'Taken': Patriarchal Porn

Okay, let me start by saying I really liked “Taken.”

If you haven’t seen it, it stars Liam Neeson as an ex CIA badass who has retired so he can be near his teenage daughter. She lives with her mom (Neeson’s ex-wife) and her stepfather, a rich, nice guy who you hate just because he makes Neeson look like a shmo – but not for long!

Neeson’s daughter is kidnapped by white slavers in Paris and Neeson is very, very serious about getting her back.

You can learn all that from the trailer or the commercial, so I’ll put the real spoilers below the fold.

Again, I was taken with “Taken,” but you can be sure that some post-modern, critical-whatever-studies types will hate this movie, what with the not-too-subtle “Death Wishy” attacks on non-Americans and the patriarchal revenge fantasy of it all. This is “Thelma and Louise” for fathers.

Okay, for starters, the film starts with Neeson appearing to be a kind of loser. Life has passed him by. He lives in a sad little apartment only a few notches better than a seedy motel room. Maybe he drinks too much. Regrets: he’s clearly had a few. Moreover, we learn fairly quickly that he quit his shadowy CIA work to make up for being an absentee dad and ruining his marriage. His daughter’s stepfather, meanwhile, is super rich. Neeson gets his daughter a Karaoke machine for her 17th birthday. Stepdaddy Warbucks gets her a horse. Neeson looks three feet tall.

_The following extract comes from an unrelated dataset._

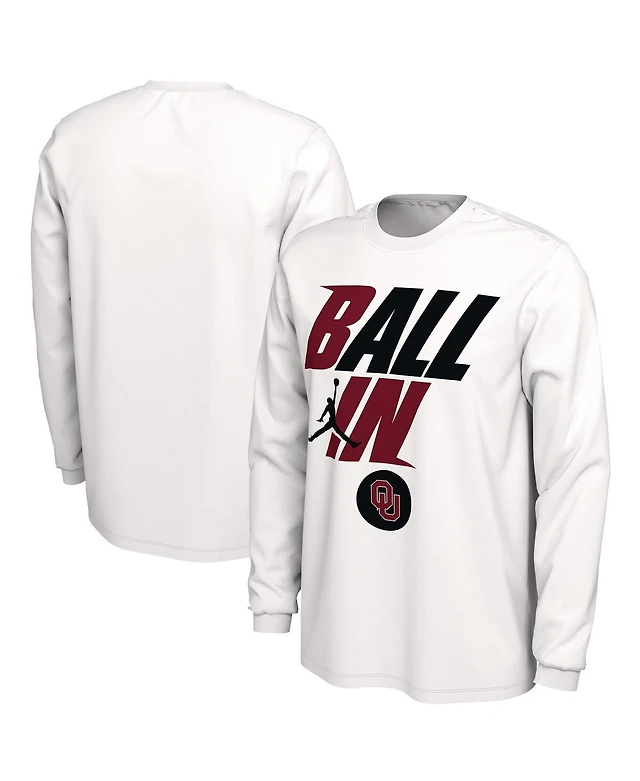 Men's Jordan White Oklahoma Sooners Ball In Bench Long Sleeve T-shirt

She wants to go to Paris for youthful adventure. But Neeson, like all fathers, knows better. We fathers are wise. Father knows best, damn it. It’s a dangerous world out there. Mom mocks him for being a smothering dork. The daughter wishes her dad could be cool like other dads.

Neeson finally relents — but only because the ex-wife and daughter lie to him about her real plans. If they hadn’t failed him by lying, and instead told him the truth or listened to him everything would be ok. But no. The trouble with wives and daughters is they don’t blindly follow Dads’ perfect understanding of how the world works. Neeson lets her go to Paris. And, of course, within hours of landing, his daughter and her slutty blonde friend — who seduced Daddy’s little girl into going in the first place — are snatched by brutal Albanian white slavers.

It’s the mother of “I told you so” moments. But fathers never get to enjoy such moments because we always have to fix the problems that inevitably arise when our women don’t listen.

Indeed, Daddy’s little girl is actually on the phone with him when the kidnapping takes place. Daddy tells her to calm down and if she follows his instructions he will come to the rescue (with a supersized can of whup-ass, the audience immediately understands). The girl, who is absolutely useless save as metaphor for how girls should always listen to their fathers, follows daddy’s instructions while being kidnapped – giving him seemingly meaningless, but in reality, vital clues to her abductors’ identities — and that’s all he’ll need to save the day.

Suddenly the soft, rich stepdad is useless except when he too recognizes Neeson’s mad badass skills. After one quick dressing down about whose you-know-what is bigger, the stepdad does the only thing he’s good at: he opens his wallet. Neeson might as well just say, “Get me a plane, Poindexter.”

Neeson goes to Paris. He quickly works his way through the handsome young man (they can never be trusted!) who tricked the girls at the airport. He kills the small army of swarthy Albanians who took the girls (with some really gratuitous torture, as well). And eventually he slaughters Arabs and even another fancy pants rich American. He more than bitch slaps an old (French!) colleague who had the effrontery not to follow Neeson’s orders, but who is also a careerist sell-out who only managed to keep his family together by compromising his principles (something Neeson would never do!).

In other words, not only is it payback time for anyone who would dare violate his little girl, it’s payback time against anyone who might think they’re better than Neeson. The trampy friend who was abducted with Daddy’s girl? She’s dead from an overdose – serves her right for not staying a virgin! Meanwhile, Daddy’s girl has been sold to high-rent pimps who at least understand the value of staying pure.

Neeson rescues his daughter and kills lots and lots of people in the process, proving that he didn’t waste his life. After all, Stepdaddy Warbucks could never have rescued her.

The film closes with the wife all but declaring with her eyes, “You are a real man, not like my castrated ATM machine of a husband,” and, in the very last scene, Daddy makes it possible for the little girl to fulfill her real dream of becoming a singer (Neeson had saved a Britney Spears type singer’s life earlier in the movie and now, like the mouse who pulled the thorn from the lion’s paw, she returns the favor by bringing real happiness to his daughter).

It is an absolutely brilliant film. If that’s your kind of thing.